This Christmas, let’s put a popular myth to rest: Cola can’t dislodge throat blockages. This was the conclusion of a recent study conducted by researchers at Amsterdam University Medical Centers (UMC), a collective of two teaching hospitals in the Dutch capital.
Prompted by online rumors and anecdotes, including newspaper stories about paramedics using Coca-Cola to save people’s lives, emergency physician Elise Tiebie and gastroenterology professor Arjan Bredenoord investigated cola’s supposed throat-clearing abilities.
“I’ve even heard doctors recommending it,” says Bredenoord, who is the Professor of Gastroenterology at Amsterdam UMC and lead author of the new study.
Food getting lodged in the esophagus is not just uncomfortable; it can be dangerous. This usually happens due to a narrowing caused by scars from past inflammation or a tumor. Recognizing the potential hazards, Bredenoord emphasizes the need for proper treatment.
“This can be really dangerous, so it’s important that people get the correct treatment. That’s why we wanted to check if this works,” he adds.
Bredenoord’s team, spread across five Dutch hospitals, embarked on a mission to evaluate cola’s effectiveness in such scenarios. Involving 51 patients, the study observed the outcomes for those given cola while awaiting endoscopy compared to those who weren’t.
The results were clear: cola made no difference. Improvement was noted in 61% of cases in both groups, indicating that often, the obstruction resolves itself, or an endoscopy is needed.
On the bright side, cola did not pose any additional risks or complications, the researchers reported in the BMJ.
“There was no improvement when using cola to loosen stuck food in the esophagus, often the food dislodged on its own after a while and otherwise, we performed an endoscopy. Hopefully, this put this myth to rest,” concludes Bredenoord.
However, this may not necessarily be the final word on the matter. In 2019, other researchers, incidentally also from the Netherlands, reached the opposite conclusion. This study, which involved 19 patients who went to the emergency department with meat stuck in their throats, found that “cola successfully resolved 59% of complete oesophageal obstructions.”
As many people are set to overindulge over the upcoming Christmas holiday, an uptick in blocked esophagus is inevitable. The safest course of action seems to go straight to the hospital rather than downing a carbonated beverage on your own.
Here’s how to avoid food impaction during the Christmas season:
- Chew Thoroughly: Take your time to chew food completely before swallowing. This helps break down food into smaller, more manageable pieces.
- Eat Slowly: Avoid rushing through meals. Eating slowly can prevent accidentally swallowing large pieces of food.
- Avoid Talking While Eating: Try not to talk while chewing. This reduces the risk of food going down the wrong way.
- Cut Food into Small Pieces: Especially important for meats like turkey and ham. Smaller pieces are easier to chew and swallow.
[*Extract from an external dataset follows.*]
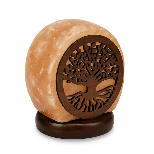 Denne Himalaya salt lampe er ideel for dig, der ønsker en varm, rolig og stemningsskabende belysning i dit hjem. Med en vægt på ca. 7–800 gram giver lampen en solid og naturlig tilstedeværelse, samtidig med at LED farveskiftet sørger for et beroligende og blødt lys i rummet. Forsidens smukke udskæring af Livets Træ skåret i træ giver lampen et både dekorativt og spirituelt udtryk, som skaber et levende og næsten magisk lysspil, når lampen tændes.

- Stay Hydrated: Drink plenty of water during meals. This helps in keeping the throat moist and facilitates easier swallowing.
- Limit Alcohol Consumption: Excessive alcohol can dull the throat’s reflexes, increasing the risk of food impaction.
- Avoid Dry Foods: Foods that are overly dry or tough can be harder to swallow. Opt for moist and tender options.
- Sit Upright While Eating: Maintain an upright posture during meals. It aids in the smooth passage of food down the throat.
- Be Mindful of Hard Candies and Nuts: These can easily become lodged in the throat. Chew them thoroughly or avoid them if you’re prone to swallowing difficulties.
- Know Your Limits: If you have a history of swallowing difficulties, be extra cautious with food textures and sizes.
- Supervise Children: Keep an eye on children, ensuring they chew their food well and don’t eat too quickly.